Юрий Колкер: ЦАРСТВЕННОЕ СЛОВО НА ПОДМОСТКАХ // Пушкинский конгресс поэтов в Петербурге, заметки участника, 1999

Юрий Колкер

ЦАРСТВЕННОЕ СЛОВО НА ПОДМОСТКАХ

ПУШКИНСКИЙ КОНГРЕСС ПОЭТОВ В ПЕТЕРБУРГЕ: ЗАМЕТКИ УЧАСТНИКА

(1999)

Спору нет: в России произошли разительные перемены. Вчера поэта втаптывали в грязь и затыкали ему рот, сегодня — созывается международный конгресс поэтов с участием недавних отщепенцев всех мастей: тунеядцев, кочегаров, эмигрантов. Но едва ли устроители выбрали для этого форума подходящее название. Понятно, что слово съезд не годилось из-за своей советской коннотации. Слово фестиваль, вероятно, показалось им слишком легковесным. Они хотели торжественности и пышности, большого стечения народа в исторических залах города, или — по их собственным уродливым словам — «культурно-имиджевой акции, повышающей международный престиж России и Санкт-Петербурга». Хотели как лучше — и остановились на термине, принятом в политике и в науке, чем немедленно внесли смущение в сердца приглашенных.

Экстравагантна уже самая идея такого форума. Поэту сказано: «Ты царь — живи один!». Занятие поэта — интимнейшее из человеческих дел. Оно сродни молитве и плохо вяжется с трибуной, президиумом и подмостками. А тут — чуть не двести приглашенных из Москвы, Петербурга, России, бывших республик СССР и стран рассеяния русской культуры. Что могло из этого получиться? Парад честолюбий, ярмарка тщеславия, биржа ревности и обид. Так и вышло. Две трети участников не выступили ни на одной из трех основных сцен. Легко себе вообразить, какие чувства они испытывают к устроителям.
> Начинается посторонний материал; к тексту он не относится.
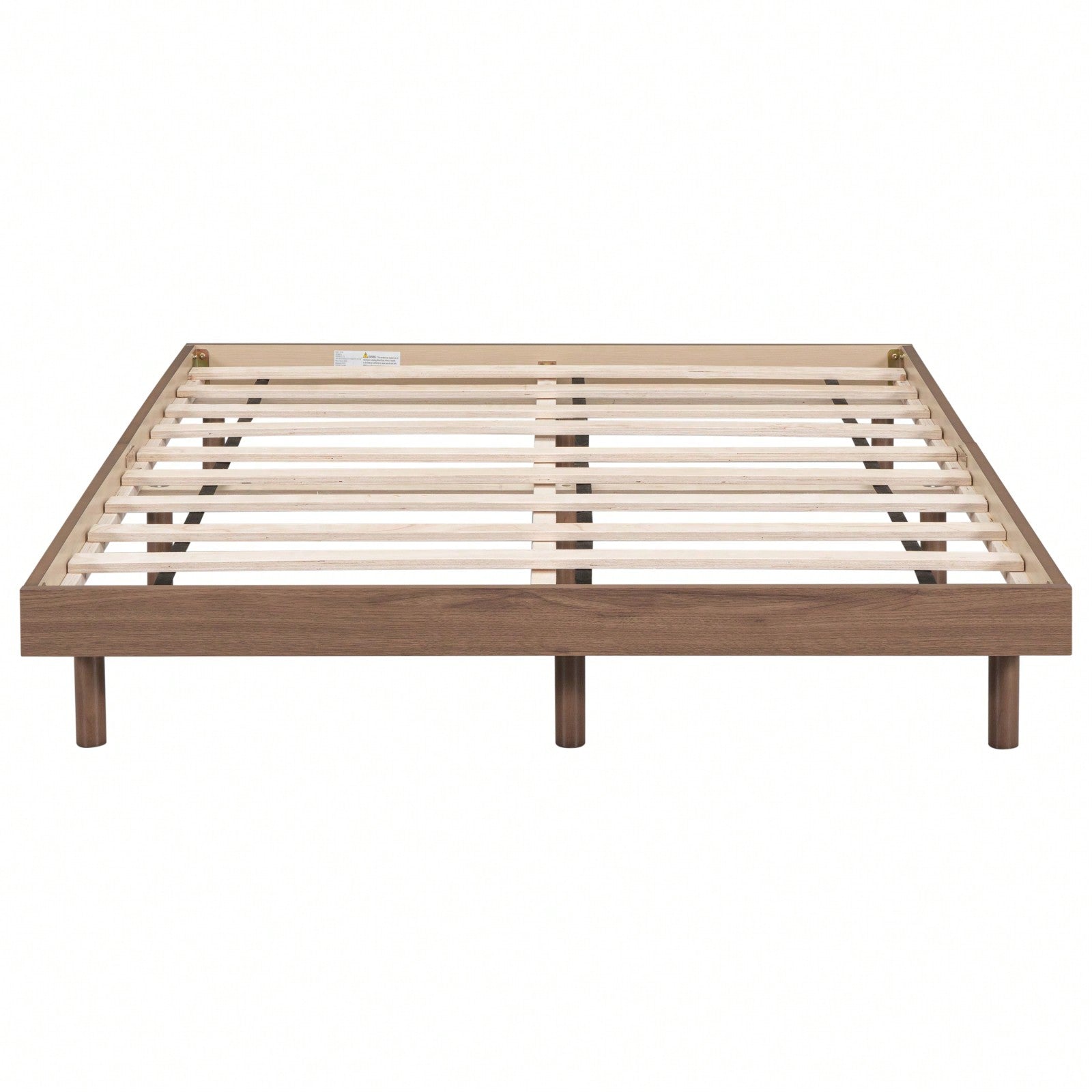 Full Size Wood Platform Bed Frame, Retro Style Bed With Rectangular Headboard

Но этим странности не исчерпываются. Пригласили еще и литературоведов, — то есть устроили в рамках пушкинского конгресса поэтов еще и ученую конференцию, требующую, разумеется, совершенно другой атмосферы и другого настроя, чем чтение стихов. При этом забыли, что синтез и анализ растут не из одного корня; что при всей видимости общего дела поэт и литературовед смотрят в противоположные стороны и редко находят общий язык.

Дальнейшие странности исходили уже от участников.
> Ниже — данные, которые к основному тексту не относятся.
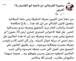 وكتبت وزير الشؤون الاجتماعية الأسبق سميرة الفرجاني، على صفحتها على فيسبوك تدوينة قالت فيها ” من حقنا نحن الليبيين معرفه الحقيقة ومن حقنا المطالبة بتفعيل قانون القذافي من اين لك هذا…. بلاغ لمكافحة الفساد والنائب العام نريد التحقيق ومعرفه مدي مصداقيه الخبر.. هل فعلا الاخواني المشري اشترى ارض 70 مليون؟”

Открылся конгресс 4 июня 1999 года, в том самом зале Таврического дворца, где до революции заседала Государственная дума, а 5(18) января 1918 года начало свою работу и в тот же день было разогнано Учредительное собрание России, самая демократическая ассамблея за всю предшествовавшую историю человечества. Кто избрал участников конгресса поэтов? Вероятно, редакция журнала Звезда, то есть Андрей Арьев, Яков Гордин и Александр Кушнер. И это бы еще ничего. Поэт ведь хоть и избранник, но уж никак не народный; перед народом он самозванец. Любопытнее другое: никому из нас даже в голову не пришло, что уж президиум-то конгресса следовало бы избрать. Эта проформа была соблюдена даже на первом съезде советских писателей, в 1934 году, на сталинском и горьковском съезде, предвестнике большого террора. А тут поэты расселись — и увидели перед собою готовое начальство. Чиновники (из «правительства города») сидели в президиуме конгресса справа, литераторы (Александр Кушнер, Андрей Битов, Римма Казакова, Белла Ахмадулина, Ефим Эткинд) — слева… А можно и так сказать: всё было правильно. Поэтов поименно пригласили из их берлог, бесплатно расселили по гостиницам, бесплатно кормили и развлекали: чего им еще?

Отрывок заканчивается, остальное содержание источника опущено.